Generates correlation or hierarchical clustering heatmaps with advanced filtering capabilities. The function creates publication-ready visualizations by selecting the most variable features/samples based on interquartile range (IQR) and applies statistical significance masking for correlation plots.

plot_CorrelationHeatmap(
  data,
  method = "pearson",
  plot_top_n = 1000,
  plot_what = "Features",
  plot_type = "correlation",
  show_rownames = TRUE,
  show_colnames = TRUE,
  clustering_distance_rows = "euclidean",
  clustering_distance_cols = "euclidean",
  clustering_method = "ward.D",
  significance_threshold = 0.05,
  color_palette = c("blue", "white", "red"),
  fontsize_main = 12,
  fontsize_labels = 8
)

Arguments

data

A list object containing preprocessed data. Must include a component named data_scaledPCA_rsdFiltered_varFiltered (typically output from perform_PreprocessingPeakData function).

method

Character string specifying the correlation method. One of:

  • "pearson": Pearson product-moment correlation (default)

  • "spearman": Spearman's rank correlation

  • "kendall": Kendall's tau correlation

plot_top_n

Positive integer specifying the number of top variable features/samples to include in the plot. Must be > 0. Default is 1000.

plot_what

Character string specifying what to plot. One of:

  • "Features": Plot correlations between features (default)

  • "Samples": Plot correlations between samples

plot_type

Character string specifying the plot type. One of:

  • "correlation": Correlation heatmap with significance masking (default)

  • "hierarchical": Hierarchical clustering heatmap of raw values

show_rownames

Logical.

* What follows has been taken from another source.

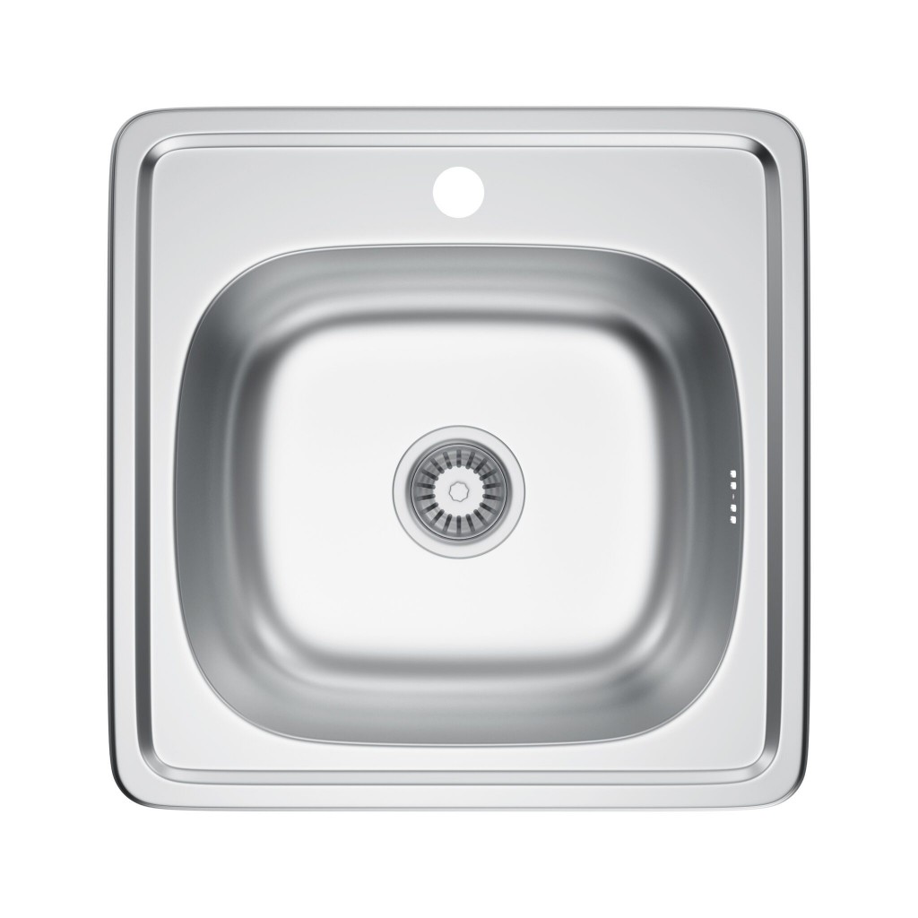 Jednokomorový nerezový dřez 48×48 cm je praktickým řešením pro menší kuchyně nebo jako doplňkový dřez.
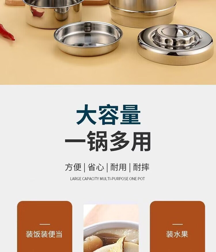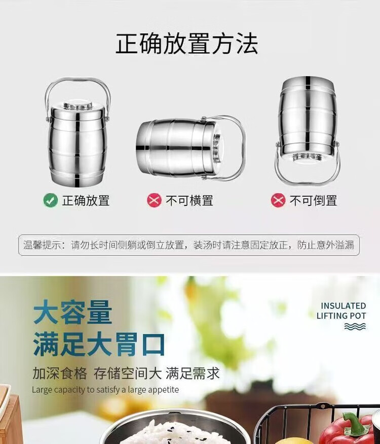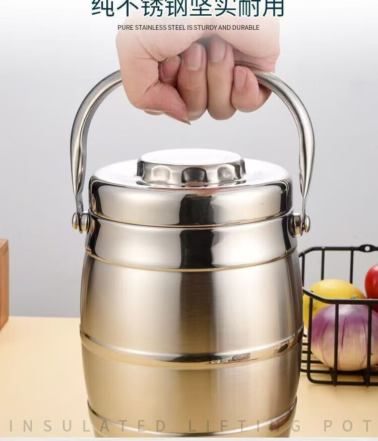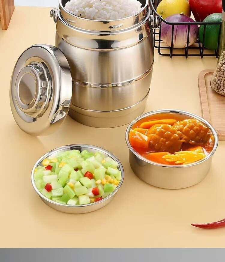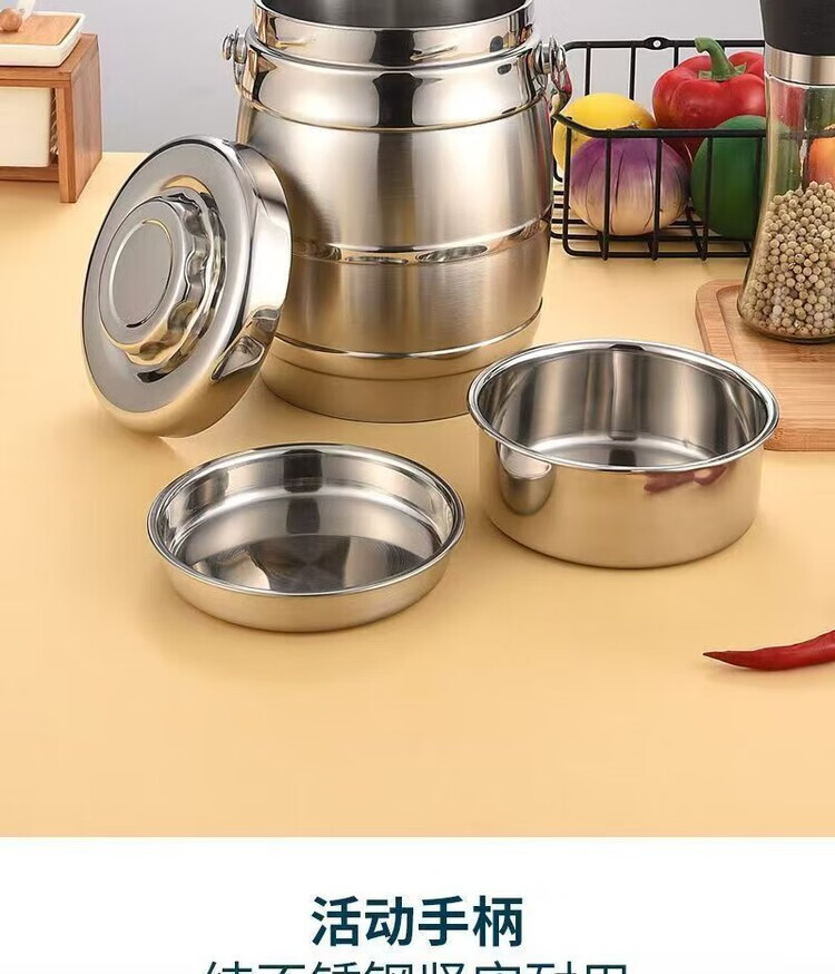 泰禧阁304不锈钢提锅三层保温饭盒大容量学生上班族便携保温桶 2.4L 适合2-3人使用 【碗盖款】2400毫升

Whether to display row names. Default is TRUE.

show_colnames

Logical. Whether to display column names. Default is TRUE.

clustering_distance_rows

Character string specifying the distance metric for row clustering. See dist for details. One of: "euclidean" (default), "maximum", "manhattan", "canberra", "binary", "minkowski".

clustering_distance_cols

Character string specifying the distance metric for column clustering. Same options as clustering_distance_rows. Default is "euclidean".

clustering_method

Character string specifying the clustering algorithm. See hclust for details. One of:

  • "ward.D": Ward's minimum variance method (default)

  • "ward.D2": Implements Ward's (1963) criterion

  • "single": Single linkage clustering

  • "complete": Complete linkage clustering

  • "average": UPGMA clustering

  • "mcquitty": WPGMA clustering

  • "median": WPGMC clustering

  • "centroid": UPGMC clustering

significance_threshold

Numeric value between 0 and 1 specifying the p-value threshold for significance masking in correlation plots. Default is 0.05.

color_palette

Character vector of length 3 specifying colors for negative correlations, neutral/non-significant, and positive correlations. Default is c("blue", "white", "red").

fontsize_main

Numeric value for main title font size. Default is 12.

fontsize_labels

Numeric value for axis label font size. Default is 8.

Value

A list containing:

plot

The generated heatmap plot object

filtered_data

Data frame of filtered data used for plotting

correlation_matrix

Correlation matrix (correlation plots only)

p_values

Matrix of p-values (correlation plots only)

top_features

Names of selected top variable features/samples

iqr_values

Data frame of IQR values for all features/samples

parameters

List of all function parameters used

summary_stats

Summary statistics of the analysis

Details

The function performs the following steps:

  1. Validates input parameters and data structure

  2. Calculates interquartile ranges (IQR) to identify most variable features/samples

  3. Selects top N most variable features/samples based on IQR

  4. For correlation plots: computes correlation matrix with p-values and applies significance masking

  5. For hierarchical plots: uses raw filtered data with clustering

  6. Generates publication-ready heatmap with customizable aesthetics

For correlation plots, non-significant correlations (p >= significance_threshold) are displayed as neutral color (white by default) to highlight statistically significant relationships.

See also

Author

John Lennon L. Calorio

Examples

if (FALSE) { # \dontrun{
# Basic correlation heatmap
result <- plot_CorrelationHeatmap(
  data = preprocessed_data,
  method = "pearson",
  plot_top_n = 500
)

# Hierarchical clustering of samples
result <- plot_CorrelationHeatmap(
  data = preprocessed_data,
  plot_what = "Samples",
  plot_type = "hierarchical",
  clustering_method = "ward.D2"
)

# Custom correlation plot with Spearman correlation
result <- plot_CorrelationHeatmap(
  data = preprocessed_data,
  method = "spearman",
  significance_threshold = 0.01,
  color_palette = c("darkblue", "grey90", "darkred")
)
} # }